I see only 1 post, mine, saying anything about fat content. And reason being, is because I have a pug. Give her too much fat....and yeah. She need's mostly lean meats with the small amount of fat that is beneficial to her. There is no "fat phobia" on this forum. Don't read into a few posts too much.


----------



## Jan Fred (Jul 23, 2013)

> Bacon could cause some issues with how it is processed. I would not feed and like Magicre I hate to waste any meat.


 I agree, and also, it is not good for fat dogs it can lead to obesity.


----------



## LilasMom (Mar 10, 2012)

Jan Fred said:


> I agree, and also, it is not good for fat dogs it can lead to obesity.


Fat doesn't necessarily create fat. Too much of anything will put pounds on a dog. Even overweight dogs need fat in their diet.


----------



## Tobi (Mar 18, 2011)

Jan Fred said:


> I agree, and also, it is not good for fat dogs it can lead to obesity.


Carbs will load up a dogs weight faster than fat, look at cow feed lots, put grain into them and they gain hundreds of pounds in weeks instead of months... It's also why many farmers still throw some grain at them for the last few weeks to get that nice fatty marbling on the meat lol

I love fats for me and my dog, he gets a ton of it, mostly pork and beef fats, with lean venison cuts. Fats also aid in the absorbtion of many nutrients.


----------



## LilasMom (Mar 10, 2012)

Tobi said:


> Carbs will load up a dogs weight faster than fat, look at cow feed lots, put grain into them and they gain hundreds of pounds in weeks instead of months... It's also why many farmers still throw some grain at them for the last few weeks to get that nice fatty marbling on the meat lol
> 
> I love fats for me and my dog, he gets a ton of it, mostly pork and beef fats, with lean venison cuts. Fats also aid in the absorbtion of many nutrients.
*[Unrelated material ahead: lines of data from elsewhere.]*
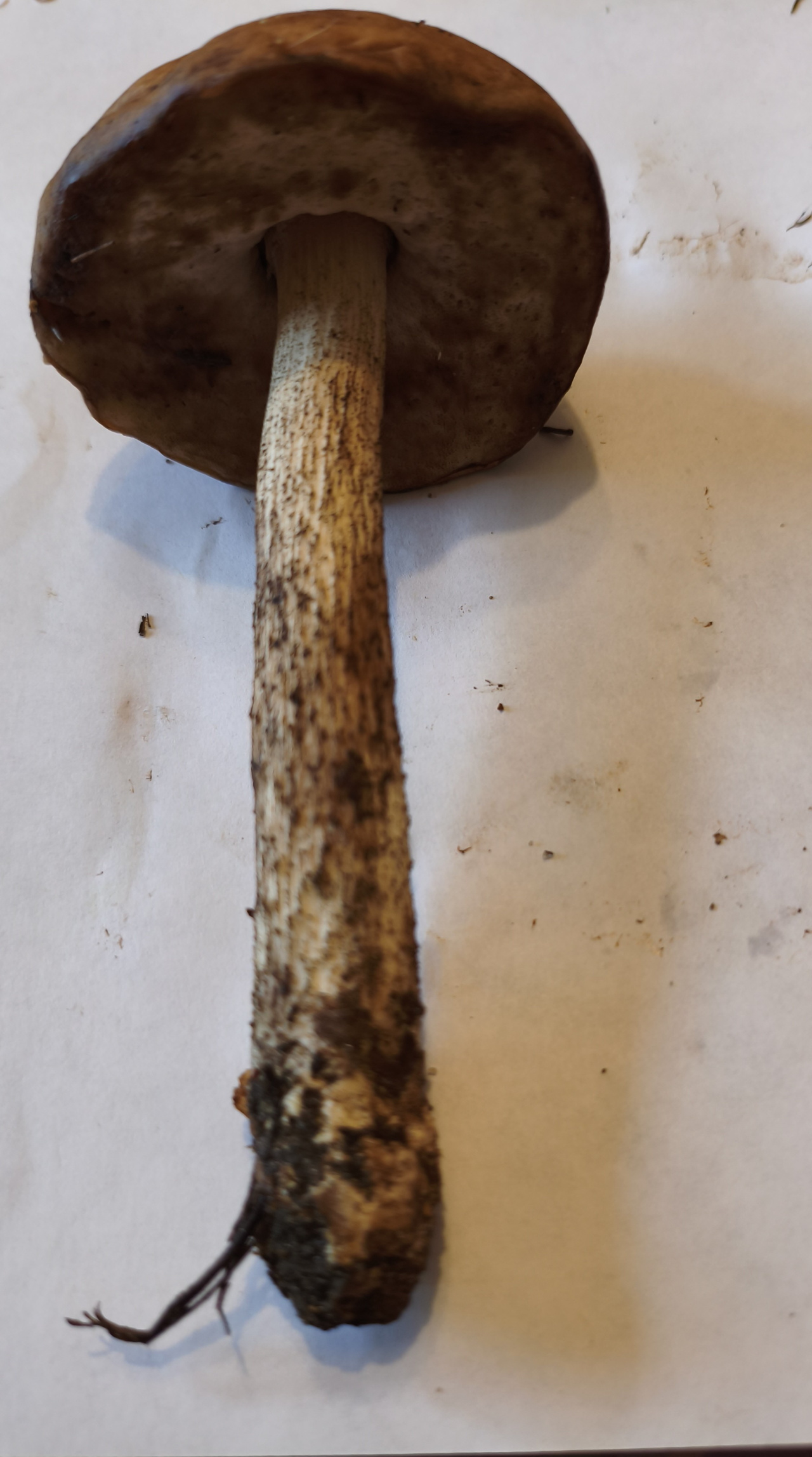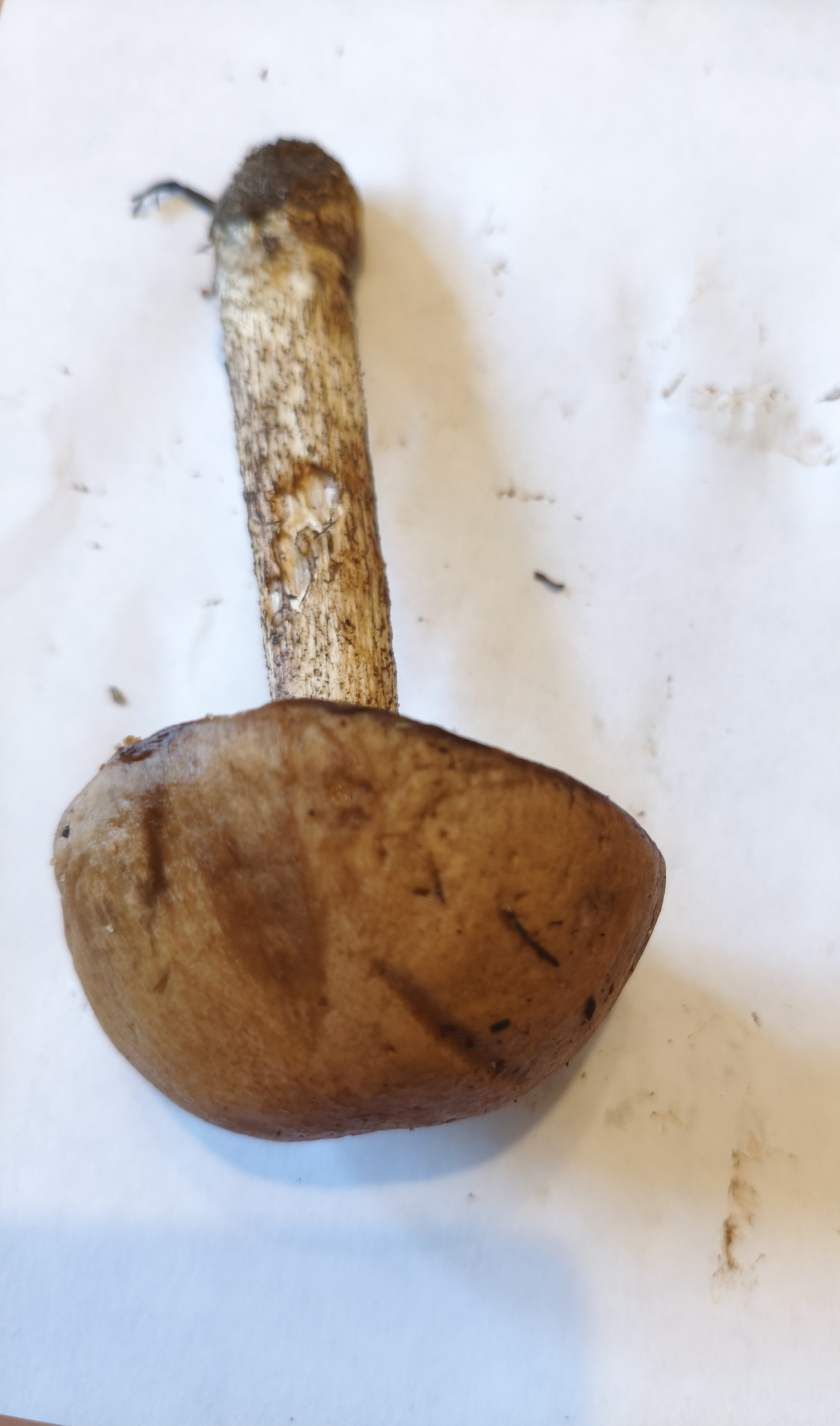 Рос в смешанном лесу, похож на подберёзовик, только светло коричневый, мякоть губчатая, была светлая под шляпкой когда сорвали, сейчас потемнела… Шляпка гладкая, запах нейтральный. Это горчак или ещё какой-то гриб?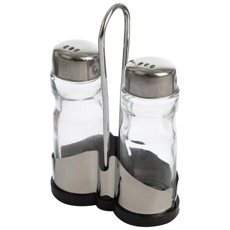 набор, солонка 40мл, перечница 40мл стекло, подставка сталь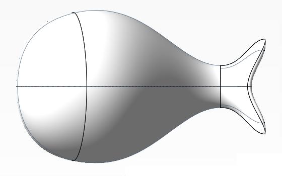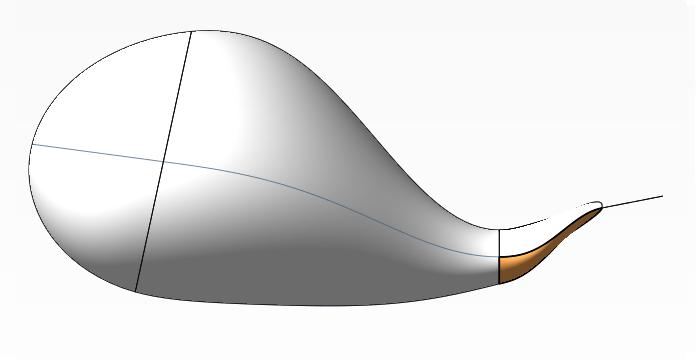7-1.これで4辺ができたので、胴体と4で作成した押し出し面をサポートとして曲面を作成する(クリックで拡大)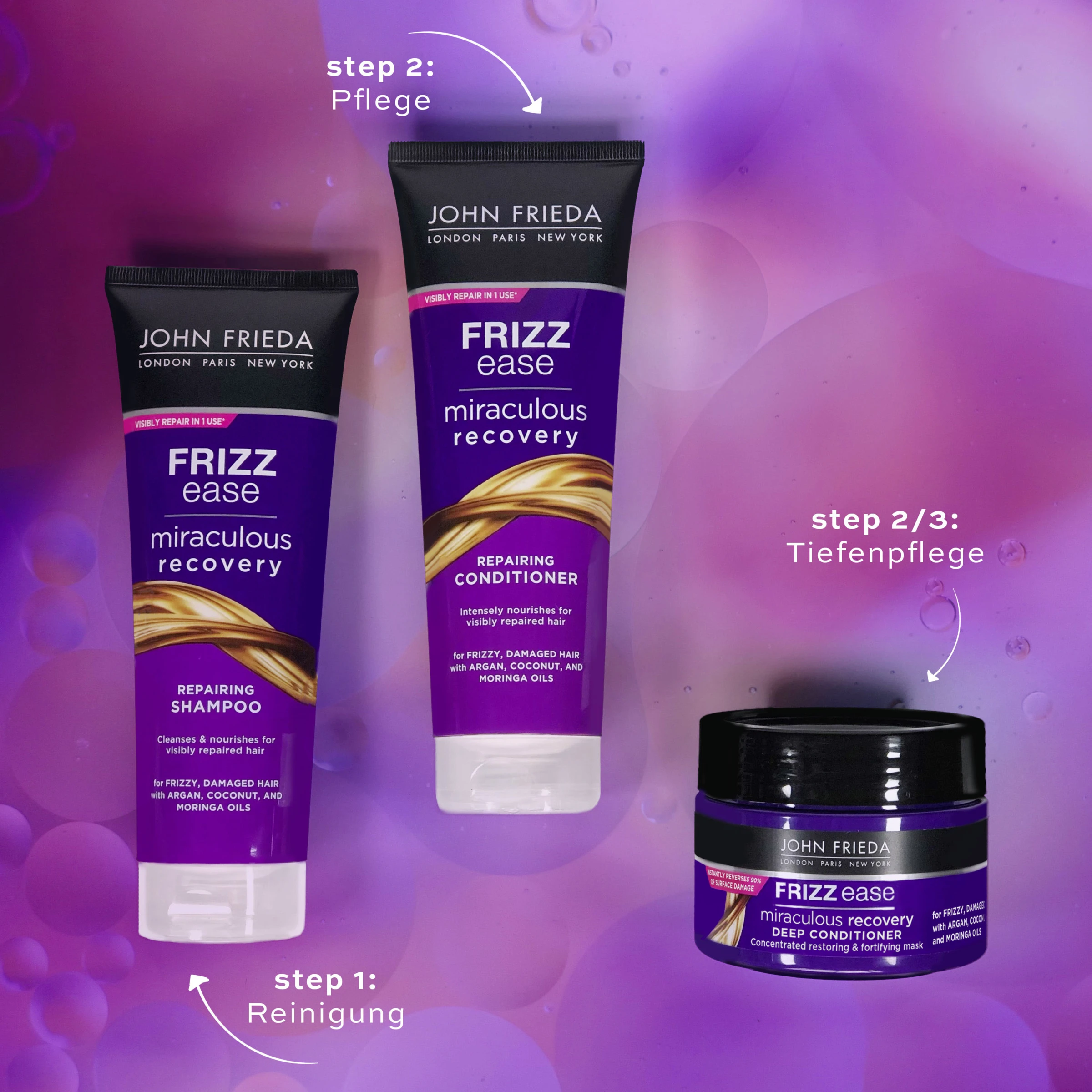 Nähre und repariere trockenes, hitzegeschädigtes, widerspenstiges Haar sicht- und fühlbar. Das Wunder-Reparatur Shampoo, mit Amino-Repair-Komplex, stellt die Widerstandskraft wieder her, für sichtbar gesundes Haar.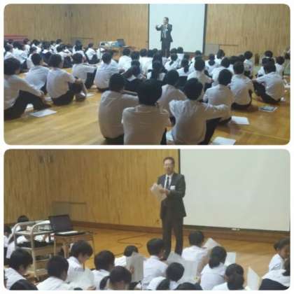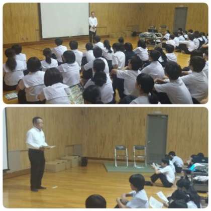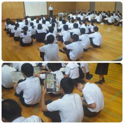 続いて、大阪産業大学附属高等学校の入試対策室長・前川俊樹先生から、私立高校の特徴についてお話をしていただいた後、学習カレンダーをいただき、高校入試に向けた計画的な学習の必要性、苦手教科に対する取組の必要性について話していただきました。最後に、入試は団体戦、桜中生みんなで協力して乗り越えていくことの大切さ、家族の人と一緒に力を合わせて乗り越えていく大切さについて教えていただきました。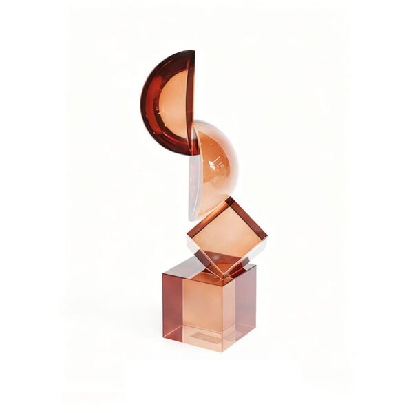 • Unique Geometric Stacked Structure & Multidimensional Visual Tension Features- Featuring a composition of precision geometric forms stacked from bottom to top, showcasing a stunning sense of dynamic balance. The base is a solid, large transparent cube supporting a smaller cube tilted at a 45-degree angle, which then transitions into a full hemisphere, crowned by two elegantly staggered crescent-shaped arcs at the peak, imbuing the piece with a sense of upward extension and spatial exploration. Crafted entirely from deep, warm amber-orange crystal, the alternating fine frosted and polished finishes allow every facet to capture and refract layers of warm-toned light, presenting a crystal-clear yet substantial artistic texture.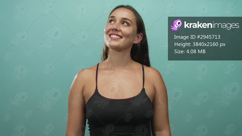 Young caucasian woman in black tank top smiling and looking up with visible face and shoulders against teal studio backdrop; serene.
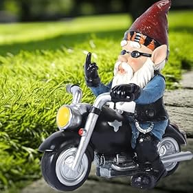 Gartenzwerg-Statue: Der motorrad zwerg ist aus hochwertigem Harzmaterial hergestellt, das Wind und Regen standhält und langlebig ist.das langlebig ist und eine lange Lebensdauer hat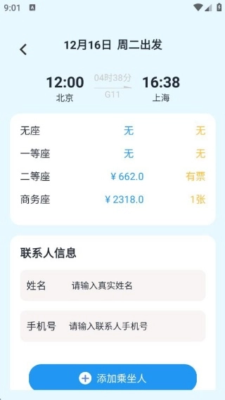 4、选择车次并填写乘车人信息,一键提交订单即可完成订票。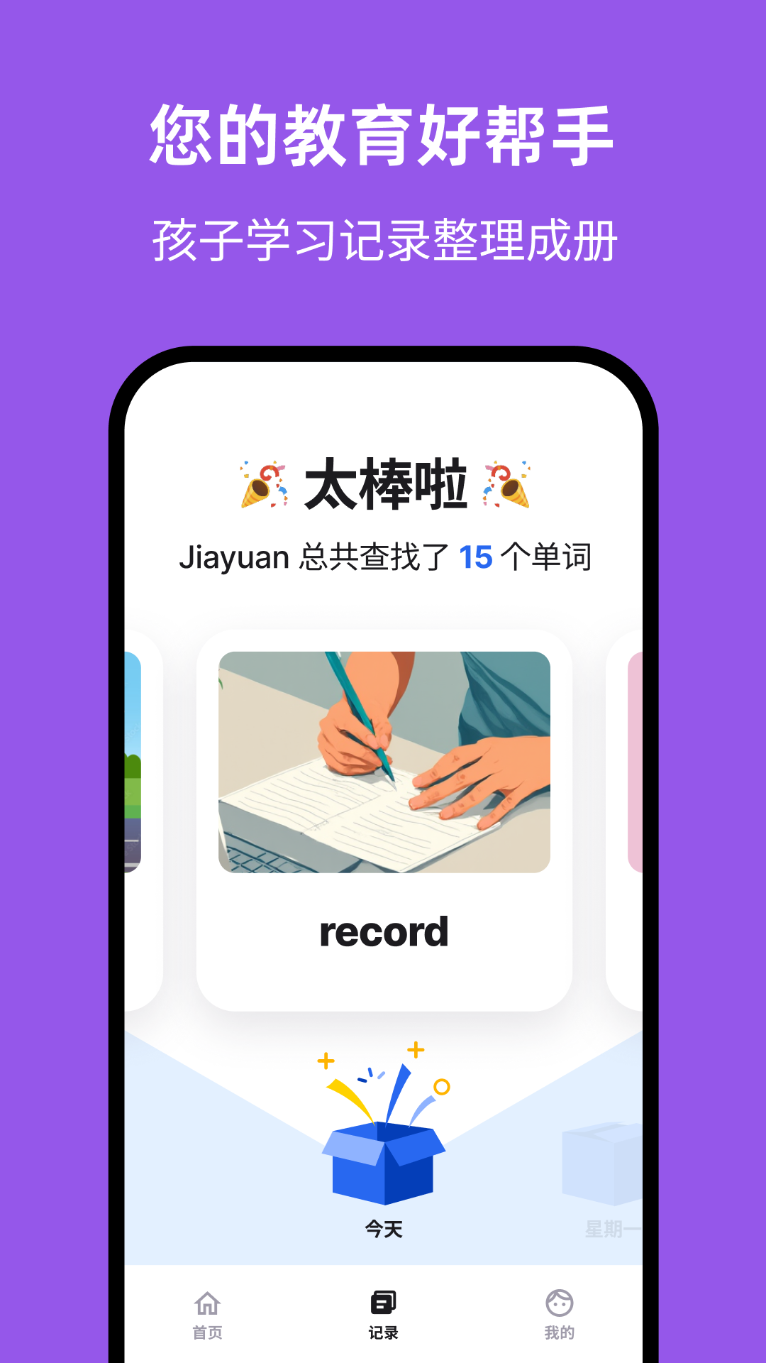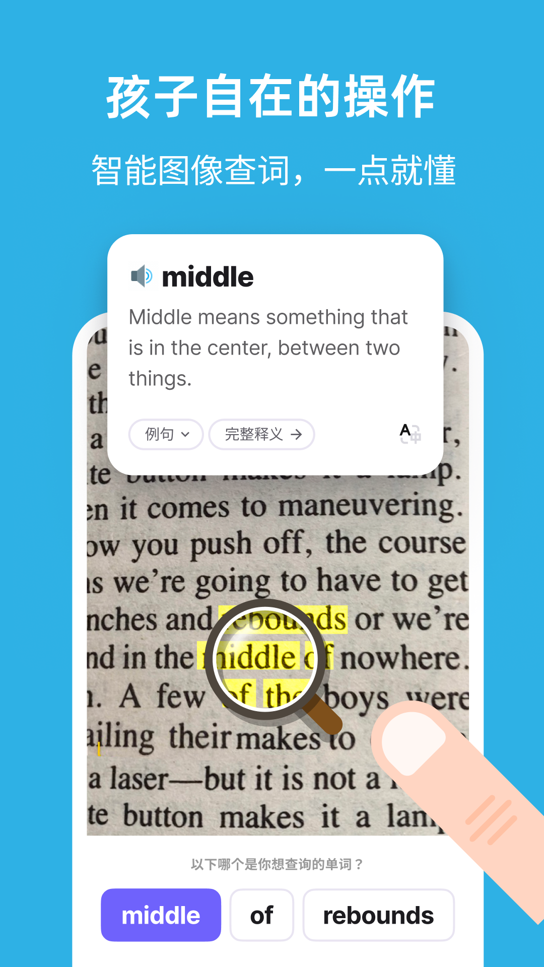 1、拍照识词功能精准高效,书本、绘本生词随手一拍即识别,无需手动输入,不打断孩子阅读节奏,查词更快捷。

Lol all that talk of marbling has me craving ribeye


----------



## JayJayisme (Aug 2, 2009)

SuperPug said:


> I see only 1 post, mine, saying anything about fat content. And reason being, is because I have a pug. Give her too much fat....and yeah. She need's mostly lean meats with the small amount of fat that is beneficial to her. There is no "fat phobia" on this forum. Don't read into a few posts too much.


I wasn't referring to this thread exclusively. I've just seen a number of anti-fat comments the past few months when a year or so ago everyone was extolling the virtues of animal fat in the PMR diet. I'd hate to see an anti-fat sentiment start to grow in this forum because nothing could be farther from the truth.


----------